Matanzas oil storage facility explosion
- Time: 5 August 2022
- Duration: Extinguished itself
- Location: Matanzas, Cuba; 23°04′28″N 81°32′16″W﻿ / ﻿23.07444°N 81.53778°W;
- Type: Oil storage explosion
- Cause: Lightning strike
- Deaths: 17 Firefighters
- Injuries: 80–125
- Missing: 17
- Property damage: Unknown

= Matanzas oil storage facility explosion =

2022 oil explosion in Matanzas, Cuba

The Matanzas oil storage facility explosion was an explosion on 5 August 2022 of an oil storage facility in Matanzas, Cuba. It resulted in the death of at least one person, injuring 80 to 125 others, and leaving 17 firefighters missing. The explosion forced the evacuation of 4,900 people from the city, shut the local thermal power station, and sparked fears of an energy crisis in the country.

==Explosion==
The explosion took place on the night of 5 August during a thunderstorm. Lightning struck a fuel tank, causing an explosion. Black smoke from the ensuing fire spread up to 100 kilometers (62 miles) towards Cuba's capital city of Havana. Subsequent to the first explosion, the fire spread to several other fuel tanks at the facility, destroying significant amounts of fuel. The first tank was at 50%, containing 25,000 cubic meters (883,000 cubic feet) of fuel while the second was full. The injured were hospitalized with five people in critical condition and 20 remained hospitalized.

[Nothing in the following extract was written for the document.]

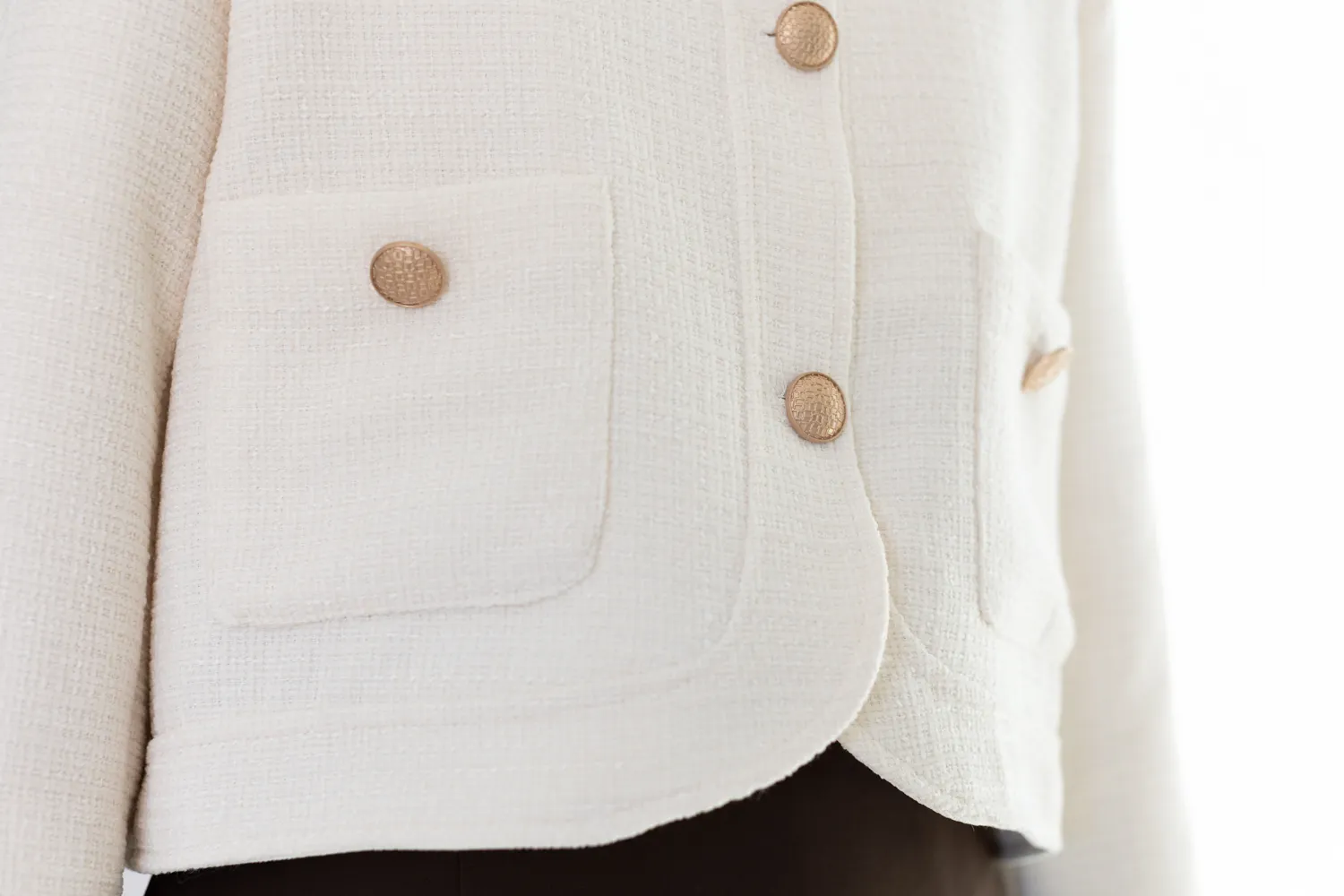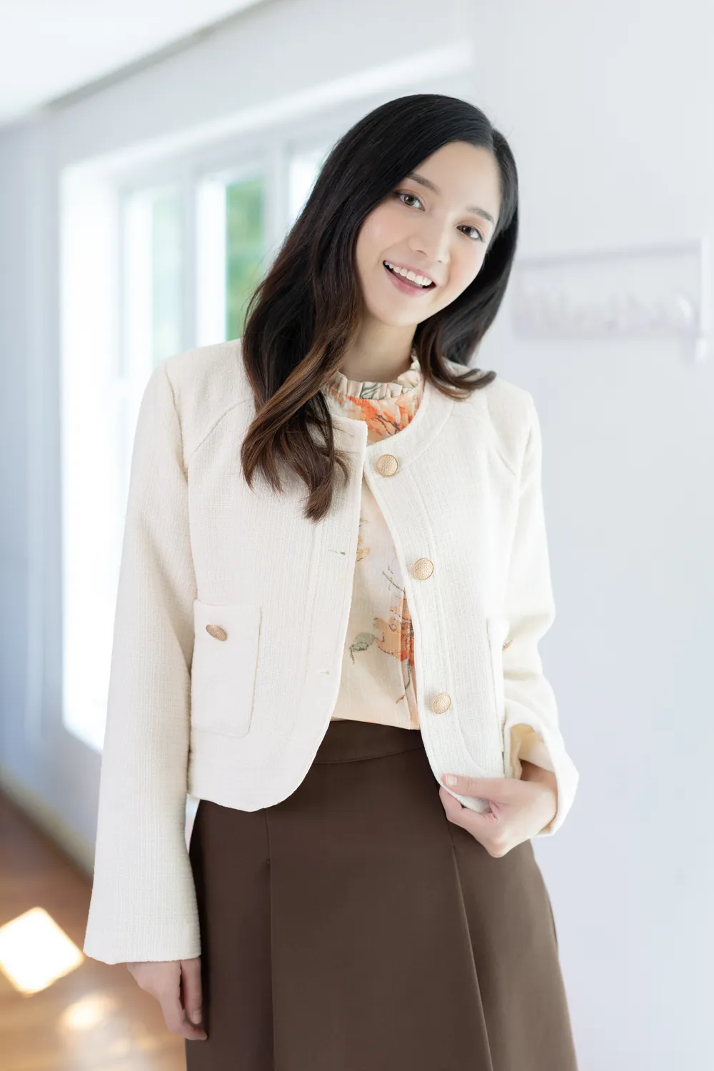 เสื้อคลุมทรงสั้นที่ใช้ผ้า Bouclé เลยน่ารักสุดๆ ผ้านิ่มทอมี Texture แบบตุ่มเล็กๆดูละมุน ไม่แข็ง คอกลม ไม่มีปกคอเสื้อ เล่นตะเข็บโค้งช่วงบ่า ทำให้ดูคลาสสิกกึ่งสบาย ไม่ทางการเกินไป แต่ยังดูเรียบร้อยและเก๋ไปพร้อมๆกัน เสื้อคลุมมาพร้อมซับในเต็มตัวใส่สบาย มีกระเป๋าจริงด้านหน้า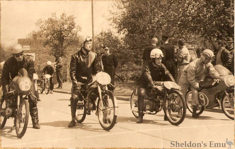 From left to right: Jacques Bollens (Itom), myself: Paul Maes (Itom), Jacky Ickx (Kreidler), Degliesposti (Itom)

During the weekend, firefighters sprayed water on the remaining 10 fuel tanks to keep them cool and prevent the spread of the fire. Local officials warned residents to wear facemasks and stay indoors to avoid the sulfur dioxide smoke. The smoke also contained nitrogen oxide, carbon monoxide and other poisonous substances with the risk of acid rain. Five days after the fire started, the fires had been mostly brought under control with grey smoke mostly replacing the original black plumes.

==International aid==
The countries of Mexico and Venezuela aided Cuba during the event by sending 100 firefighters, firefighting equipment, and two fireboats from both countries. Venezuela sent 85 volunteers and 20 tons of foam and chemicals. China sent aid with rescue and recovery operations. At least one senior Cuban government official showed frustration due to the lack of United States help. The United States had offered Cuba technical support, but as of early August no material had arrived. Cuban officials were glad to have technical advice on social media but at the same time consistently pointed out how little they received from the US. A United States Department of State spokesperson later stated that they had a general discussion on the event, but that the Cuban government had not formally requested U.S. government aid. A high-ranking Cuban official made urgent calls to the international community for help. In Miami, several activists asked the U.S. Department of State to do more to assist.